### Problem to work on
Give the entries below again, word for word, and leave out the images.

Source records

※

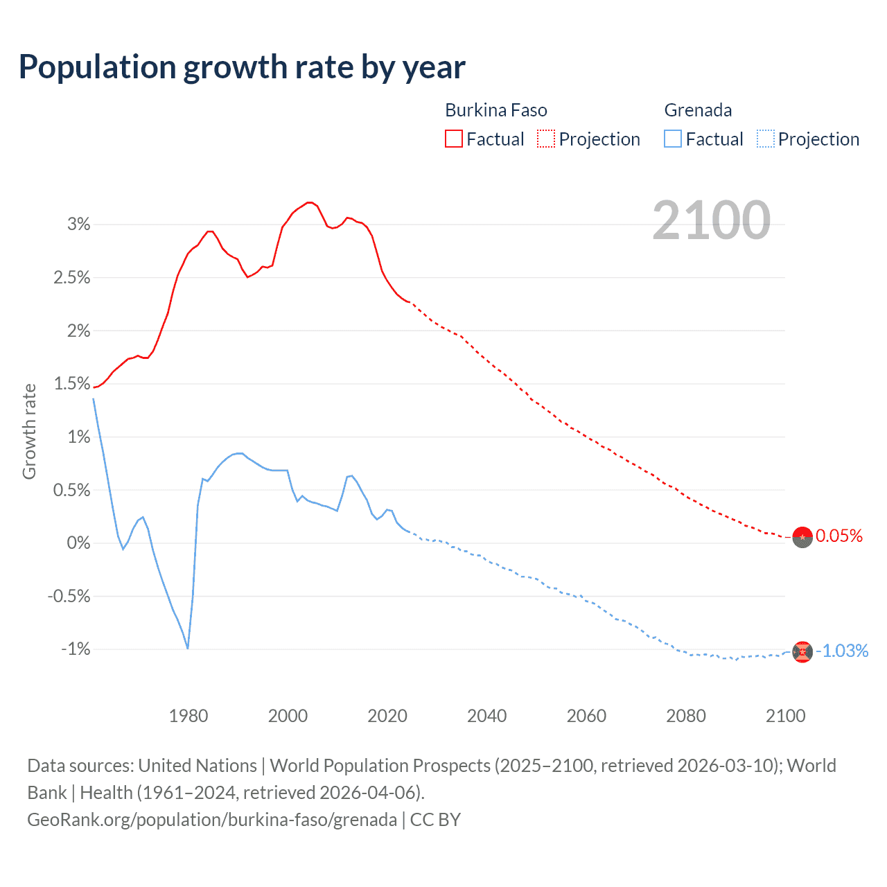 - For the last 10 years, Burkina Faso has had an average growth rate of +2.63% per year vs +0.29% in Grenada.
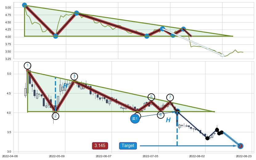 ➢ 【多方力量耗尽,空方打破攻守平衡点】下降三角形中继整理, 已在2022-07-15突破【支撑】颈线 4.03 →演变成下降通道
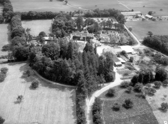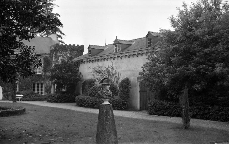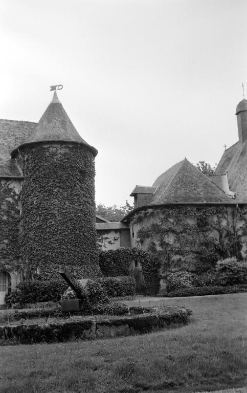 "Le manoir est situé dans un parc auquel on accède par une rubine moderne (pins maritimes). L'ensemble des bâtiments forme un quadrilatère ouvert au Nord; au Sud; le logis, à l'Ouest, les communs; à l'Est, la chapelle et [...] maison du fermier.
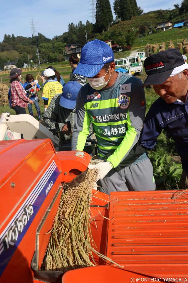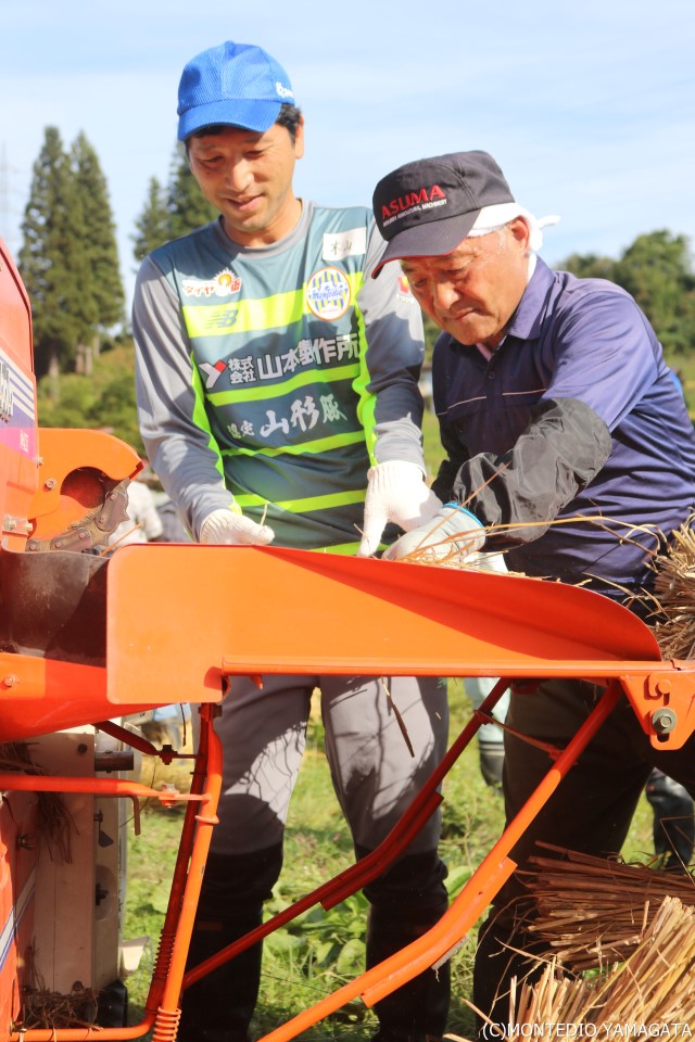 今年も収穫の秋を迎え、先月9月に稲刈り作業を終え、稲杭に乾された稲の脱穀作業が昨日、木山隆之監督をはじめ、モンテディオ山形のコーチングスタッフが参加し、風も穏やかな秋晴れの中、行われました。
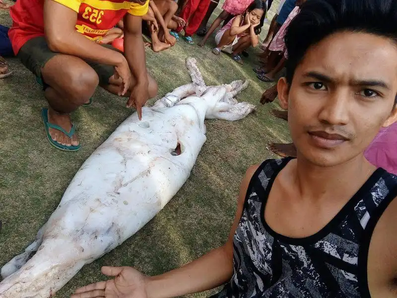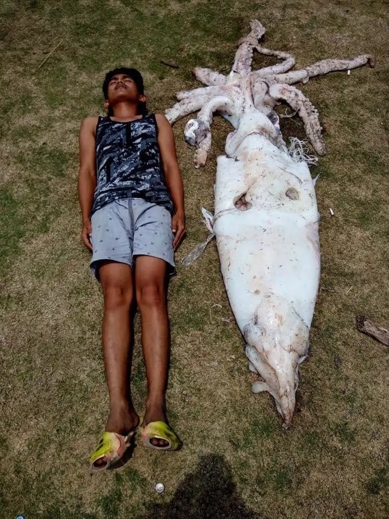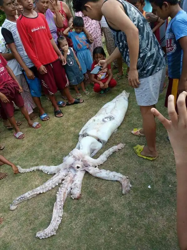 Филиппинский рыбак поймал 2,5-метрового кальмара и подарил его жителям деревни
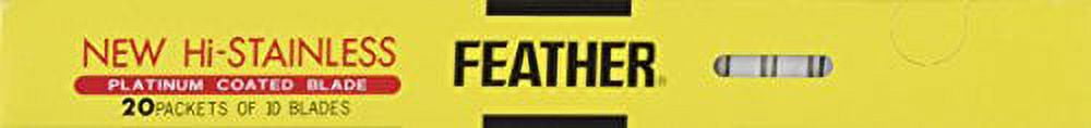 $50.74200 Feather Razor Blades NEW Hi-Stainless Double Edge. Sharp razor blades from Feather, made in Japan. Fit all traditional double edge safety razors. These sharp double edge blades are made from high class stainless steel, which has been surface treated with platinum for optimal comfort. A double edge razor blade lasts 3-5 times as long as the popular 3-blade systems. You can easily get 6-8 shaves with one blade! Feather Double Edge Razor Blades come in 10 blade tucks.
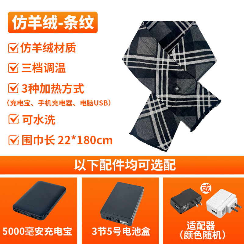 Серый шарф с USB-подогревом; Красный шарф с USB-подогревом; Черный шарф с USB-подогревом; Шарф Camel usb с подогревом; Серый флисовый трехскоростной шарф с регулируемой температурой и подогревом.; Черные флисовые капсулы, трехскоростной регулируемый по температуре шарф с подогревом; Серый искусственный кашемир, трехскоростной регулируемый по температуре нагревательный шарф; Черный шарф с подогревом из искусственного кашемира, трехскоростной регулируемый по температуре.; Полосатый шарф с имитацией кашемира, трехскоростной регулируемой температурой и подогревом.
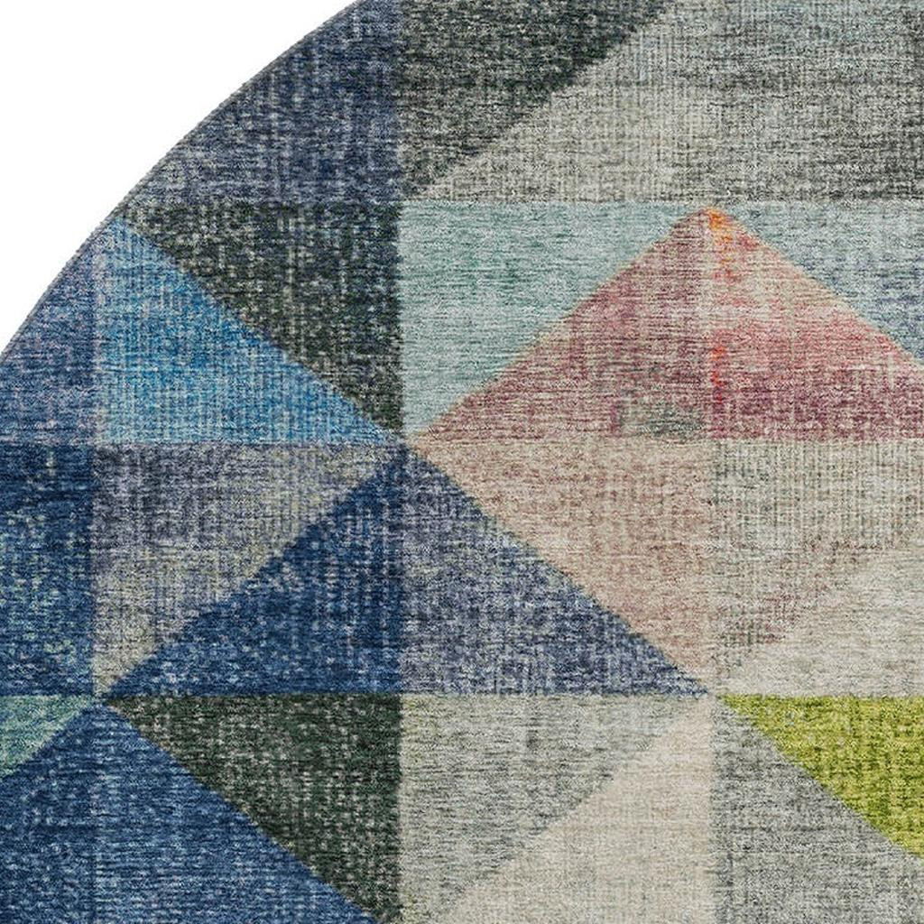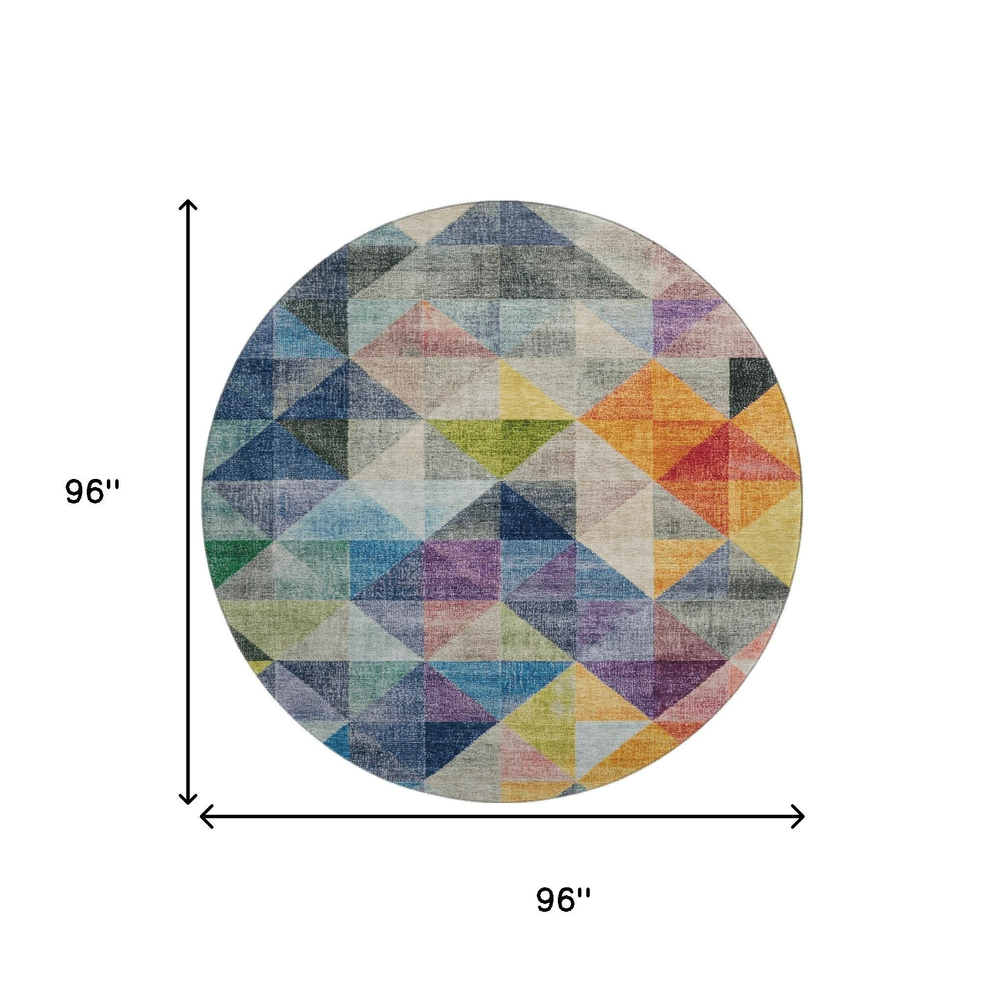 Add some artistry to your room with this 8-foot beige blue and orange geometric washable round rug with uv protection. Ideal for spaces with kids and pets, this rug is stain resistant to help repel dirt and spilled liquids. Built to last, this rug crafted from polyester fibers is known for its durability and long lasting appeal. Rugs are a great way to showcase your style, hide imperfections, warm your home and reduce noise. This larger sized, transitional styled rug is ready to create a focal point or statement piece in your room. 96.00-inch h x 96.00-inch w x 0.39-inch d.
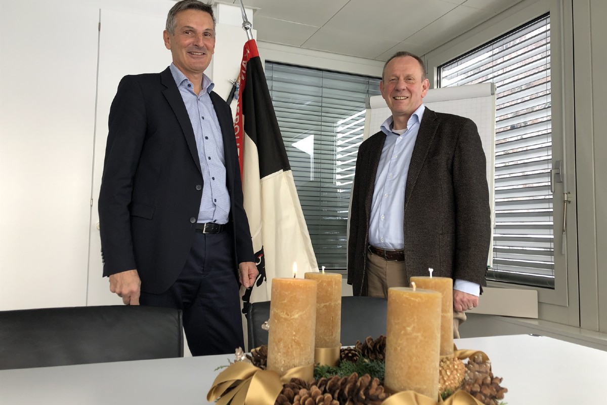 Walter Schlegel und Bruno Zanga bei der Geschäftsübergabe am 29. November 2021 in Chur GR, (Bildquelle: Kantonspolizei Graubünden)

※

### Output of the task
 - For the last 10 years, Burkina Faso has had an average growth rate of +2.63% per year vs +0.29% in Grenada.
 ➢ 【多方力量耗尽,空方打破攻守平衡点】下降三角形中继整理, 已在2022-07-15突破【支撑】颈线 4.03 →演变成下降通道
 "Le manoir est situé dans un parc auquel on accède par une rubine moderne (pins maritimes). L'ensemble des bâtiments forme un quadrilatère ouvert au Nord; au Sud; le logis, à l'Ouest, les communs; à l'Est, la chapelle et [...] maison du fermier.
 今年も収穫の秋を迎え、先月9月に稲刈り作業を終え、稲杭に乾された稲の脱穀作業が昨日、木山隆之監督をはじめ、モンテディオ山形のコーチングスタッフが参加し、風も穏やかな秋晴れの中、行われました。
 Филиппинский рыбак поймал 2,5-метрового кальмара и подарил его жителям деревни
 $50.74200 Feather Razor Blades NEW Hi-Stainless Double Edge. Sharp razor blades from Feather, made in Japan. Fit all traditional double edge safety razors. These sharp double edge blades are made from high class stainless steel, which has been surface treated with platinum for optimal comfort. A double edge razor blade lasts 3-5 times as long as the popular 3-blade systems. You can easily get 6-8 shaves with one blade! Feather Double Edge Razor Blades come in 10 blade tucks.
 Серый шарф с USB-подогревом; Красный шарф с USB-подогревом; Черный шарф с USB-подогревом; Шарф Camel usb с подогревом; Серый флисовый трехскоростной шарф с регулируемой температурой и подогревом.; Черные флисовые капсулы, трехскоростной регулируемый по температуре шарф с подогревом; Серый искусственный кашемир, трехскоростной регулируемый по температуре нагревательный шарф; Черный шарф с подогревом из искусственного кашемира, трехскоростной регулируемый по температуре.; Полосатый шарф с имитацией кашемира, трехскоростной регулируемой температурой и подогревом.
 Add some artistry to your room with this 8-foot beige blue and orange geometric washable round rug with uv protection. Ideal for spaces with kids and pets, this rug is stain resistant to help repel dirt and spilled liquids. Built to last, this rug crafted from polyester fibers is known for its durability and long lasting appeal. Rugs are a great way to showcase your style, hide imperfections, warm your home and reduce noise. This larger sized, transitional styled rug is ready to create a focal point or statement piece in your room. 96.00-inch h x 96.00-inch w x 0.39-inch d.
 Walter Schlegel und Bruno Zanga bei der Geschäftsübergabe am 29. November 2021 in Chur GR, (Bildquelle: Kantonspolizei Graubünden)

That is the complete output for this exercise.